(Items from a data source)
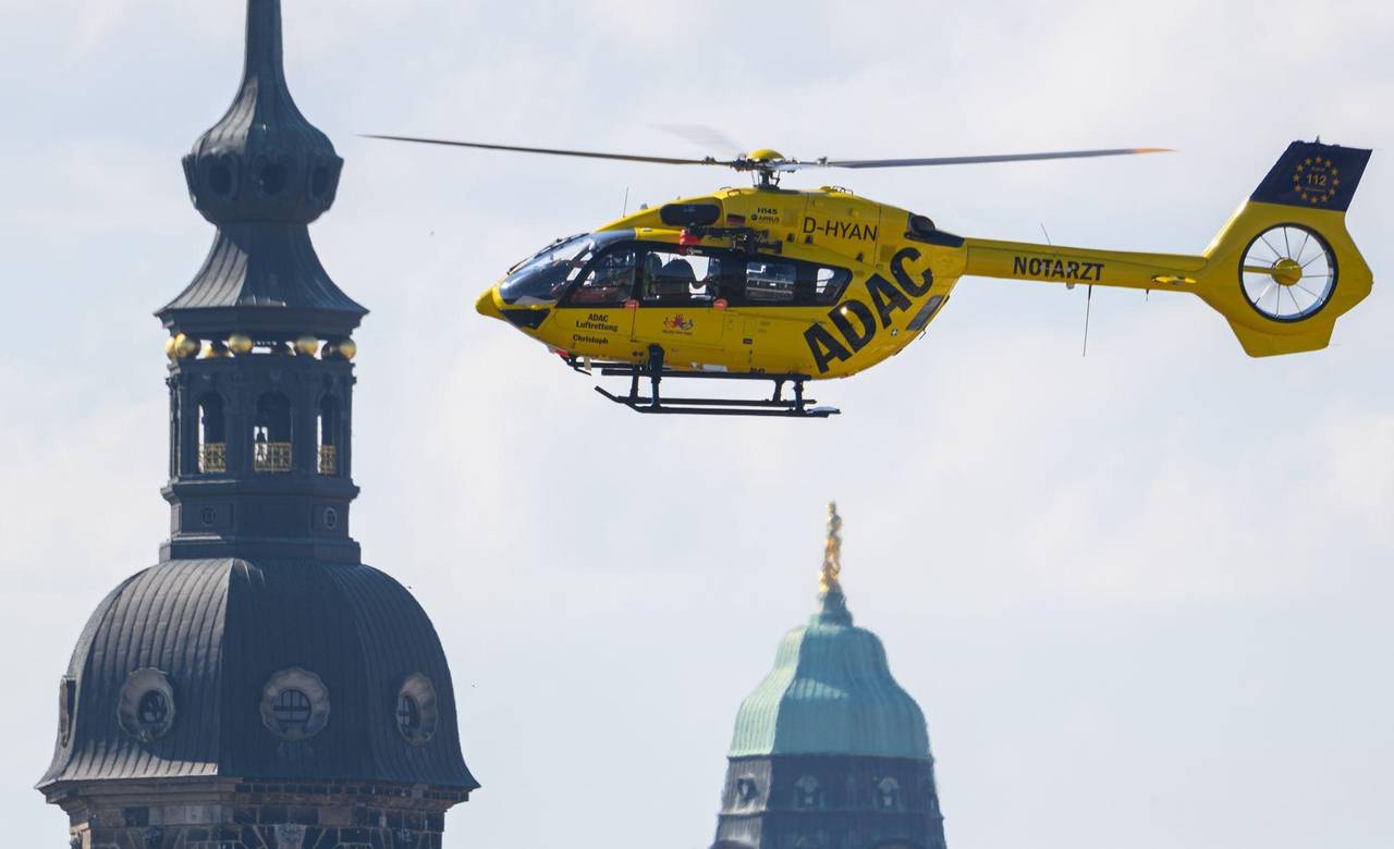 Leistet im Ernstfall schnelle Hilfe aus der Luft: Ein Rettungshubschrauber der ADAC Luftrettung fliegt am Himmel vor der Dresdner Altstadt. (Archivbild)© Robert Michael/dpa
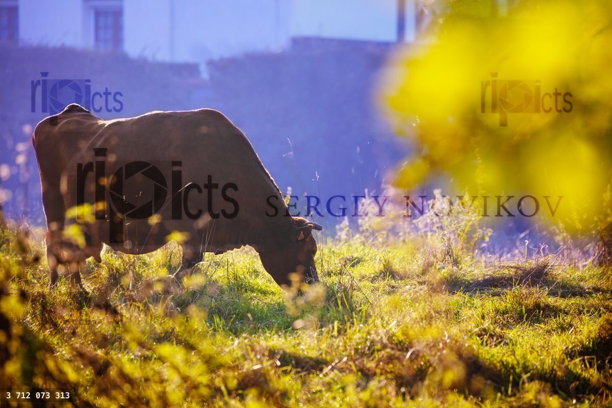 Brown cow on field eating grass during the sunset in autumnLoading purchase options...
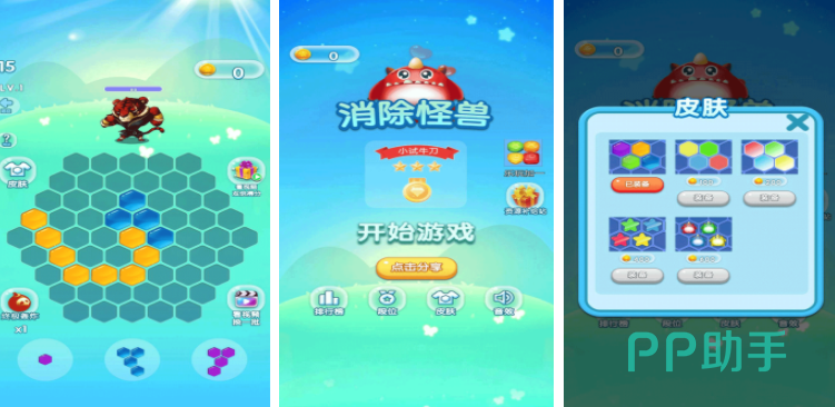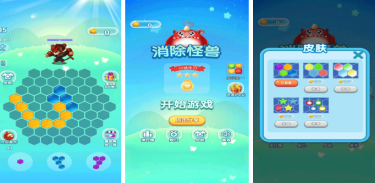 在消除怪兽里面,会设置很多需要玩家战斗的小怪兽,要想开启和怪物的攻击,就可以把这些六边形的方块放入到场景,每次放满一整行或者一整列,都可以释放招式攻击怪物,大家需要把这些不同形状的六边形方块放到合理的位置,这样才能顺利战胜怪物,每一关怪物的类型都不一样,玩家要不断动脑,给这些六边形方块选择最合适的位置。
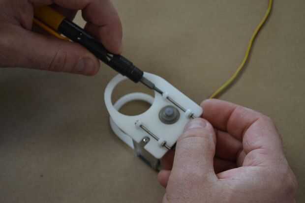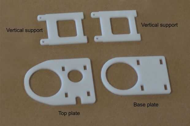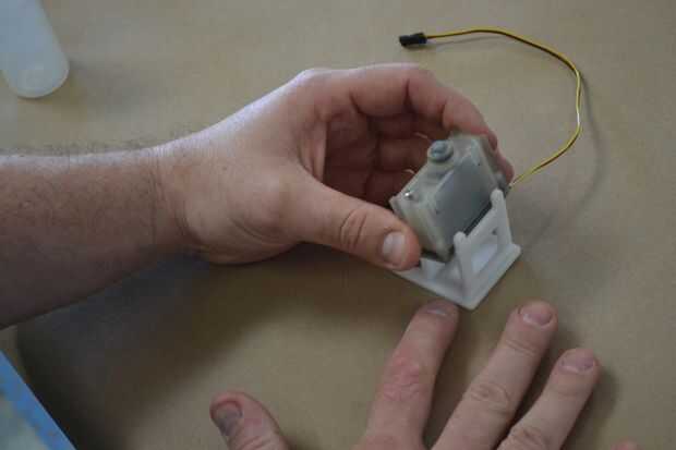 Ahora es necesario montar el chasis del servo. Esto asegurará el servo y este conjunto se deslice sobre el tubo de acrílico de la colección. El chasis permite el servo a eliminarse fácilmente si es necesario. Aquí es cómo construir el chasis:
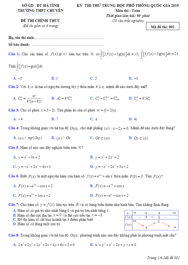 Đề thi thử THPT Quốc gia 2019 môn Toán trường THPT chuyên Hà Tĩnh
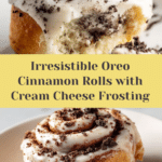 Keywords: Oreo cinnamon rolls, cinnamon roll recipe, cream cheese frosting, breakfast dessert, sweet rolls
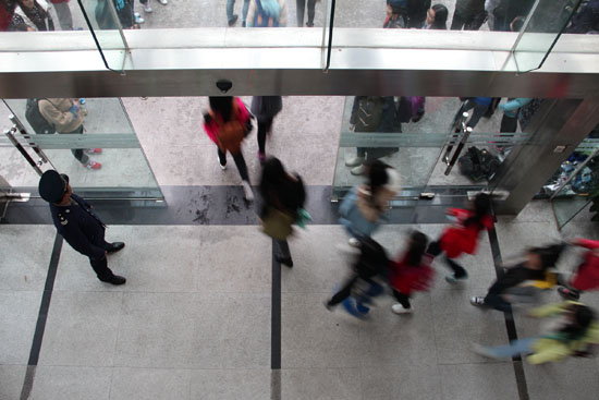 师生撤离图书馆
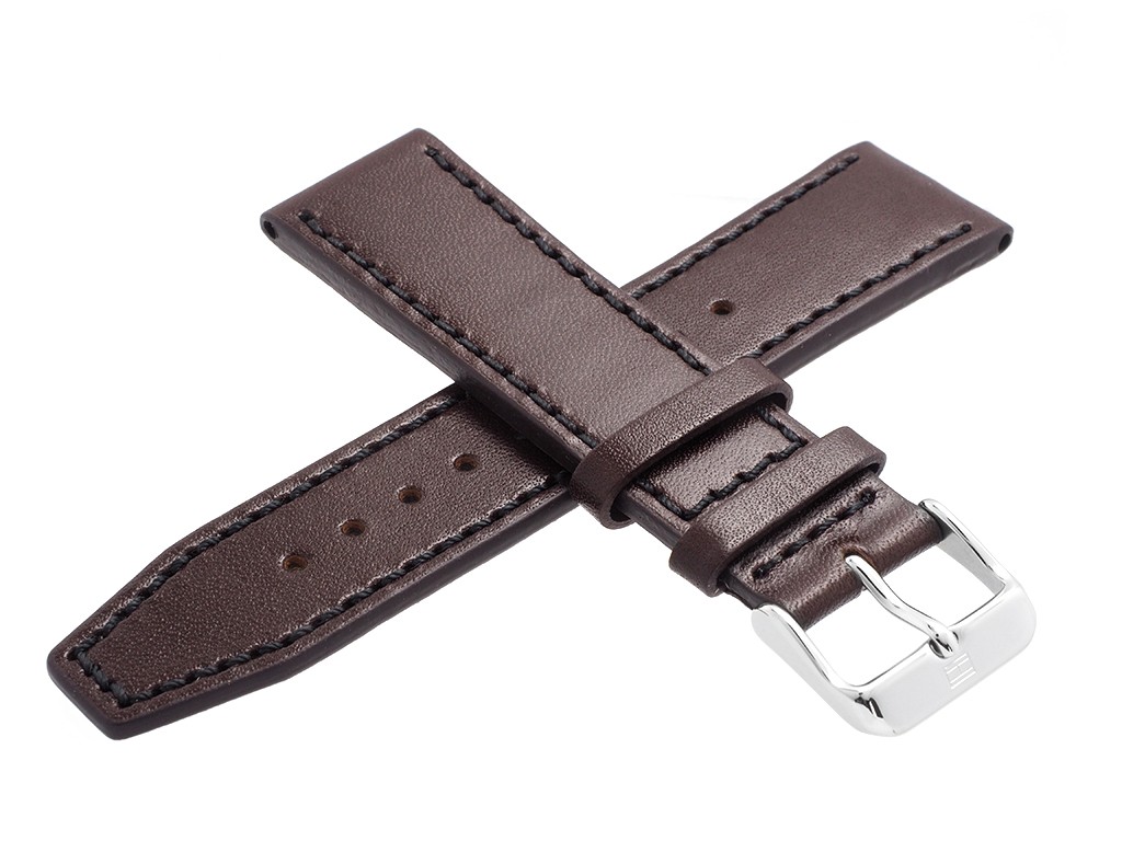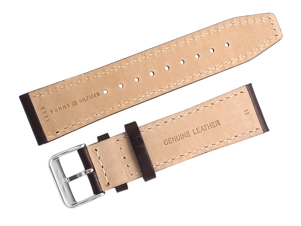 Oryginalny pasek do zegarka marki Tommy Hilfiger do modelu TH1791157, wykonany ze skóry naturalnej w kolorze brązowym, sprzączka wykonana ze stali nierdzewnej w kolorze srebrnym połysk z logo marki, przeszyty czarną nicią, gładki.
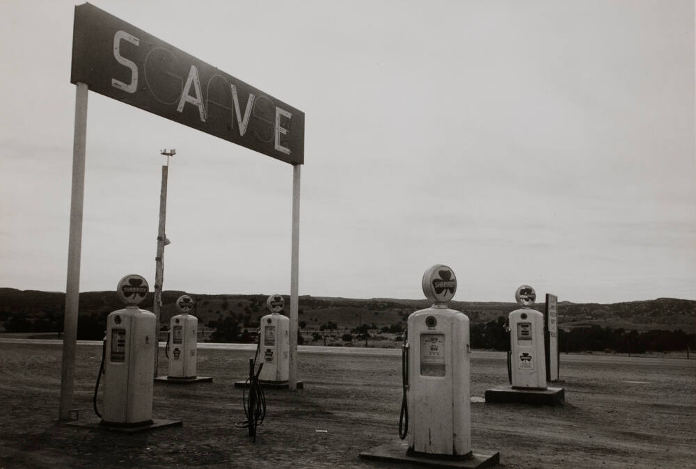 DescriptionImage of unoccupied gas station along highway overlooking landscape with low lying hills. The gas pumps have shamrock logos on top and there is a neon sign which reads "SAVE GAS".Exhibition HistoryRotation 26. The Nelson-Atkins Museum of Art, Kansas City, MO, March 29, 2019- August 25, 2019, no cat.
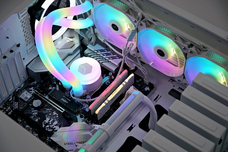 그냥저냥 포인트만 주는 ‘시늉만’ 하는 RGB 효과가 아니다. PC 내부를 훤히 비출 정도로 현란한 모쓰라 360의 RGB 효과는 마치 진정한 RGB 쿨링이란 바로 이런 걸 말하고 싶었다는 듯 화려함의 극치를 보여준다.

BRIEF
Write out nothing but the lines from the start of the data through the line with "Brown cow on". Leave out the pictures.

ANSWER AREA
 Leistet im Ernstfall schnelle Hilfe aus der Luft: Ein Rettungshubschrauber der ADAC Luftrettung fliegt am Himmel vor der Dresdner Altstadt. (Archivbild)© Robert Michael/dpa
 Brown cow on field eating grass during the sunset in autumnLoading purchase options...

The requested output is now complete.